Declaring flexible arrays as constants

Question

I'm trying to declare some constant data structures in my code, ideally without having to declare subelements (this is a follow-on from a previous question about multiple lists of strings: different length arrays) ... as per my previous question I can get it to work by declaring bits individually, but can't declare it all in one go.

I should add, I need a pointer to the data structure (the pointer will be in a different linker section so I can discover them automatically)...

This works...

struct cpl {
    int x;
    char *a;
    char *b;
    char *list[];
};

const struct cpl one = { 1, "thisa", "thisb", { "one", "two", NULL }};
const struct cpl *xx = &one;

But this generates an error about non-static initialisation of a flexible array member..

const struct cpl *xx = &(const struct cpl){ 2, "thisa", "thisb", { "new", "item", "here", NULL } };

I suspect the answer (assuming it is possible) is similar to before, by adding some kind of casting to it, but I've tried everything I can think of.

In this case I probably can get by with the first version, but I'd rather not if I can avoid it.

Any help appreciated.

Answer 1

Flexible array members were probably intended to mainly be used for dynamic memory allocation, but there's nothing saying that they can't be used in other contexts. However, they cannot be initialized and that is the problem here. It may be possible to initialize them through some gcc extension.

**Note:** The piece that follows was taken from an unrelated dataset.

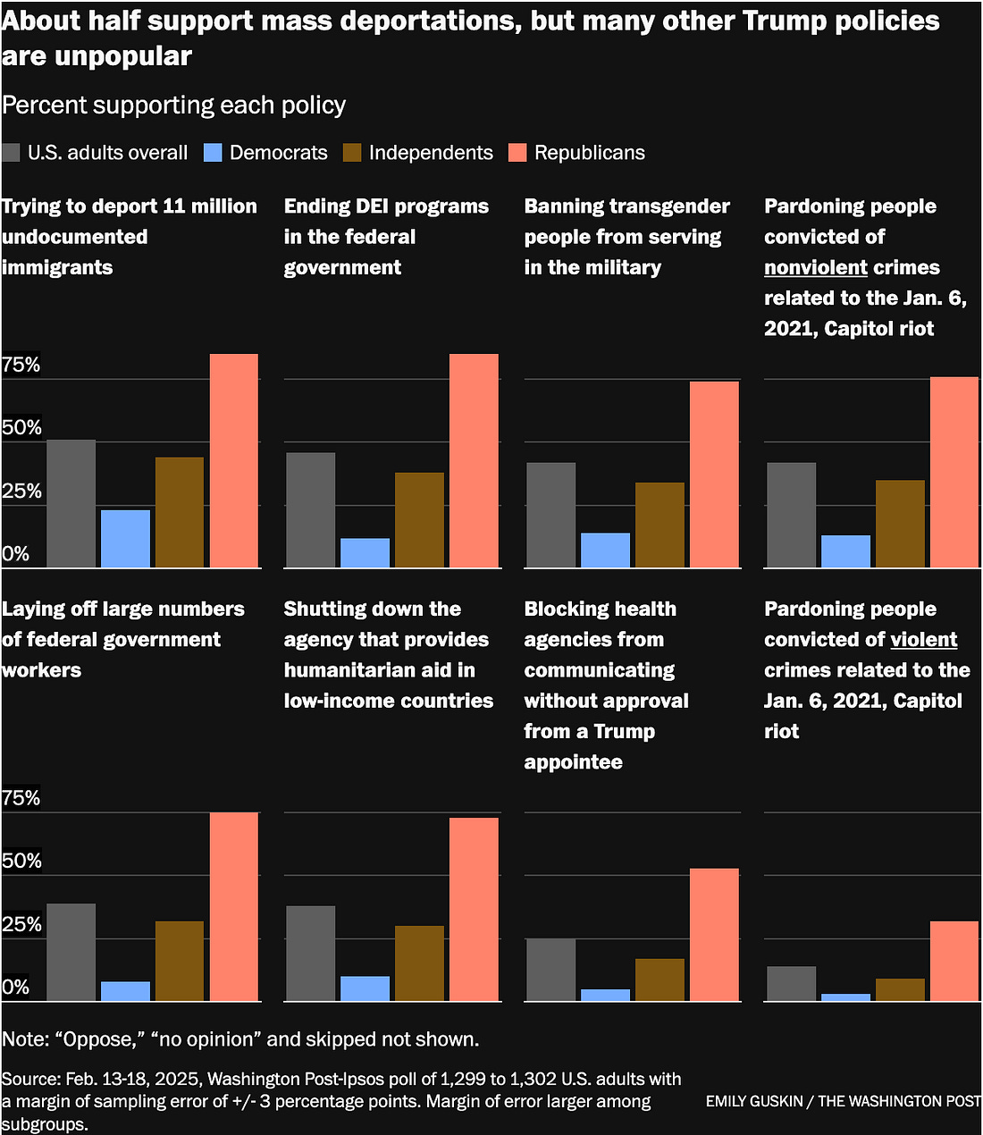 Trump's approval ratings go south-- fastTrump's support crossed the rubicon this week, flipping from net positive to net negative as his honeymoon came to an abrupt end.While it slowly erodes my soul to admit that Trump had enjoyed a net positive approval rating up to this point in his presidency, you might find some solace in the fact that the honeymoon is officially over. According to new polling from Washington Post-Ipsos, Quinnipiac, CNN, and Gallup, Trump’s approval rating is underwater in literally all of them. For Post-Ipsos, it’s 43% approve, 48% disapprove. For Reuters, it’s 44% approve, 51% disapprove. For Quinnipiac, it’s 45% approve, 49% disapprove. For CNN, it’s 47% approve, 52% disapprove. What’s worse, we’re only one month into his presidency. As far as honeymoons are concerned, this is the equivalent of newlyweds getting in their first fight on the way to the airport. The cause for these dismal numbers, unsurprisingly, is Trump shepherding unpopular policies— ones that he didn’t run on but was perfectly content to try and implement only after he was no longer accountable to voters. Per the chart above, public approval is underwater on Trump’s efforts to end DEI programs in the government, ban trans military members from serving, pardon January 6 insurrectionists (violent and nonviolent), effectuate mass firings of federal employees, shut down USAID, and block health agencies from communicating with the American people. The sole issue on which Trump retains a shred of majority support is deporting undocumented immigrants—but there’s a major caveat:

Which in turn means you can't declare a const struct with internal linkage and use a flexible array member at the same time, because there is then no standard way to assign a value to it. If we could live with not having it const and internal linkage both at once and instead only access it through a const qualified pointer, there are some possible dirty work-arounds... what follows next in this answer isn't really recommended practice.

If we replace the struct with a union allocating enough memory, then put an anonymous struct inside that union, then it is probably well-defined (or at least implementation-defined behavior) to use it.

typedef union {
  struct
  {
    int x;
    char *a;
    char *b;
    char *list[];
  };
  unsigned char lots_of_memory[100];
} cpl;

Initialize everything but the flexiable array member (and by all means keep internal linkage if we fancy):

static cpl one = { .x=1, .a="thisa", .b="thisb" };

Init the flexible array member in run-time:

memcpy(one.list, (char*[]){ "one", "two", NULL }, sizeof(char*[3]));

Only access this through a const qualified pointer, as replacement for the lost const-ness:

const cpl *xx = &one;

Full program:

#include <string.h>
#include <stdio.h>

typedef union {
  struct
  {
    int x;
    char *a;
    char *b;
    char *list[];
  };
  unsigned char lots_of_memory[100];
} cpl;

int main (void)
{
  static cpl one = { .x=1, .a="thisa", .b="thisb" };
  memcpy(one.list, (char*[]){ "one", "two", NULL }, sizeof(char*[3]));
  const cpl *xx = &one;

  for(size_t i=0; xx->list[i]!=NULL; i++)
  {
    puts(xx->list[i]);
  }
}

Quite ugly but I can't really come up with any reasons why this code would not be well-defined. (If someone does, please leave a comment.)

Answer 2

In drafts of the upcoming C standard and in GCC 13.1 and later, you can use static in the compound literal.

Failing that, a way to declare the structure you want is to overlay the structure in a union with another structure that has a regular array. This is almost fully defined by the C standard:

#include <stdlib.h>

//  Define a macro that lays out the structure members.
#define cplTemplate(n)  \
    int x; char *a; char *b; char *list[n]

//  Declare struct cpl to be the structure with a flexible array member.
struct cpl { cplTemplate(); };

//  Declare a function to provide a dummy use of the pointer.
void bar(const struct cpl *);

void foo(void)
{
    /*  There are several ideas here:

            We create a const union compound literal.

            The first member of the union, a, is a structure with a normal
            array member.  The second member of the union, b, is a struct cpl,
            with a flexible array member.

            We initialize the first member of the union.

            Then we take the address ("&" before the compound literal) of the
            b member (".b" after the compound literal).
    */
    const struct cpl *xx = & (const union {
        struct { cplTemplate(3); } a;
        struct cpl                 b;
        }) { .a = { 1, "thisa", "thisb", { "one", "two", NULL } } } .b;

    /*  Pass xx to bar to avoid the compiler complaining about an unused
        variable.
    */
    bar(xx);
}

The part that is not defined is that a compiler might lay out the two structures differently. However, normal general-purpose compilers will lay them out identically, except for the trailing bytes. Notably, their corresponding members will have the same offsets, so reinterpreting the structures through the union will yield the desired behavior.